I love work when things flow--when I'm able to work on a problem and make steady progress. I get in a groove of discovering, coding, testing. If I get blocked then a quick search on the internet or an elbow-bump with a colleague resolves things and I'm back to coding and iterating without upset or delay, "getting it done." Happy hours flow by...Sooner than expected the day is done, I'm hungry but feeling satisfied about what got accomplished. I look forward to heading home, cuddling with the cat, and coming back for more the next day. That is the flow I'm talking about. Measuring the number of days that flow against those that don't is one of my personal indicators of work life happiness, and of the goodness-of-fit of me to the job.

Beyond happiness, when I'm in the flow is when I'm most productive.  And not just me--my co-workers are happiest and most productive when they are in their own flow--and when we're flowing together? Look out, engineering miracles suddenly become possible.

This is why I pay attention to things that pop me out of flow.  Yes, partly it is selfish--my happiness is impacted after all.  But the other part is my sense of efficiency and productivity is piqued.  And we can't have that!
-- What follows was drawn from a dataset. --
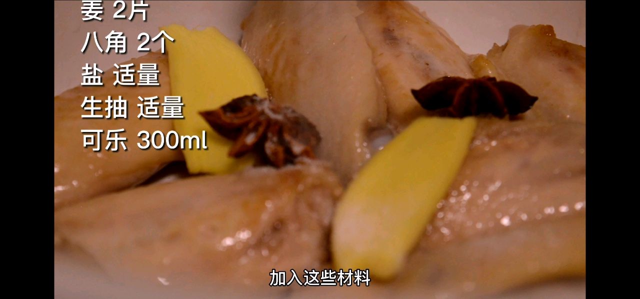 辅料:姜2片(焯水用)、八角2个、盐适量、姜2片、生抽适量、可乐300毫升
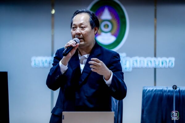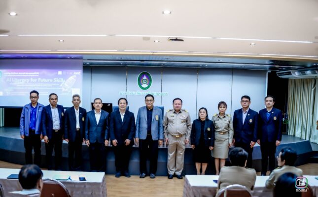 วันที่ 2 มีนาคม 2569 สำนักวิทยบริการและเทคโนโลยีสารสนเทศ มหาวิทยาลัยราชภัฏสกลนคร จัดการบรรยายพิเศษในหัวข้อ “พลิกโฉมการศึกษาในยุค AI : สถานการณ์ปัจจุบัน โอกาส และความท้าทายแห่งอนาคต” ภายใต้โครงการ “พัฒนาทักษะด้านปัญญาประดิษฐ์เพื่ออนาคต (AI Literacy for Future Skills) ” ณ ห้องประชุมสร้อยสุวรรณา ชั้น 3 อาคาร 10 มหาวิทยาลัยราชภัฏสกลนคร โดย ผศ.ชาคริต ชาญชิตปรีชา อธิการบดี กล่าวเปิดงาน และ อาจารย์ กรกช มาตะรัตน์ ผู้อำนวยการสำนักวิทยบริการและเทคโนโลยีสารสนเทศ กล่าวรายงาน ในโอกาสนี้ อธิการบดี พร้อมด้วย ดร.เทพชัย ทรัพย์นิธิ นายกสมาคมปัญญาประดิษฐ์ประเทศไทย และวิทยากรผู้ทรงคุณวุฒิ ได้มอบเกียรติบัตรให้กับผู้ที่ผ่านการอบรมในโครงการดังกล่าว โดยแบ่งออกเป็น 3 หลักสูตร ได้แก่ หลักสูตร Master Trainer หรือ วิทยากร จำนวน 20 คน, ครูผู้สอน จำนวน 51 คน และหลักสูตรเยาวชน จำนวน 8 คน จากนั้นจึงเป็นการบรรยายพิเศษ ซึ่งมีผู้สนใจเข้าร่วมกว่า 80 คน

Which brings me closer to my point. Yesterday I was looking over the shoulder of one our Ops engineers--you know, those guys that cover the systems 24 hours a day, 7 days a week, ensuring we reach the difficult goal of zero downtime?  He was launching the IIS Manager (IIS7) in the Staging or Production environment to validate a configuration setting.  It took two full minutes until the local machine node was populated in the UI. Imagine how my flow was interrupted during this wait.  Now think about how the flow of our Ops engineers is interrupted every time they do this on dozens of boxes in all the environments they manage (Dev1/Dev2/Test1/Test2/Staging/Production). Yup...every time!  Two minutes!  Sorry, but my flow was interrupted watching their flow being interrupted.

I went back to desk, with the hint from the Chief of Ops that the IIS Manager was "probably phoning home," and the reminder that for security reasons the web server tier of the web farm is not permitted to initiate any outward-bound connections to the internet.  I began formulating a cunning plan (thanks, Baldric of Black Adder fame).  To be thoroughly pedantic, here is my plan:
  1. Verify the problem per environment.  Operationalize the fail.
  2. If verified, consider the tools research the problem
    --Internet Search for something like "IIS7 Manager Slow to Load"
    --Network Monitor
    --Process Monitor
  3. Develop a changeset based on the research results
  4. Develop a test to prove the change
  5. Apply the change
  6. Test the change
  7. Verify the test if possible by rolling back, testing the prior problem, rolling forward, re-testing the fix.
  8. Communicating the results to Operations staff.
Rolling up my sleeves...I first check my own development web server--no repro.  Then I check each of the dev and test environments...no repro, huh, wot?!  Finally I check staging (finally for me--I don't have access to Production).  At last...I too see the long delay.  Quickly checking back with Ops verifies the problem is only in these two most critical environments..  Back to my desk.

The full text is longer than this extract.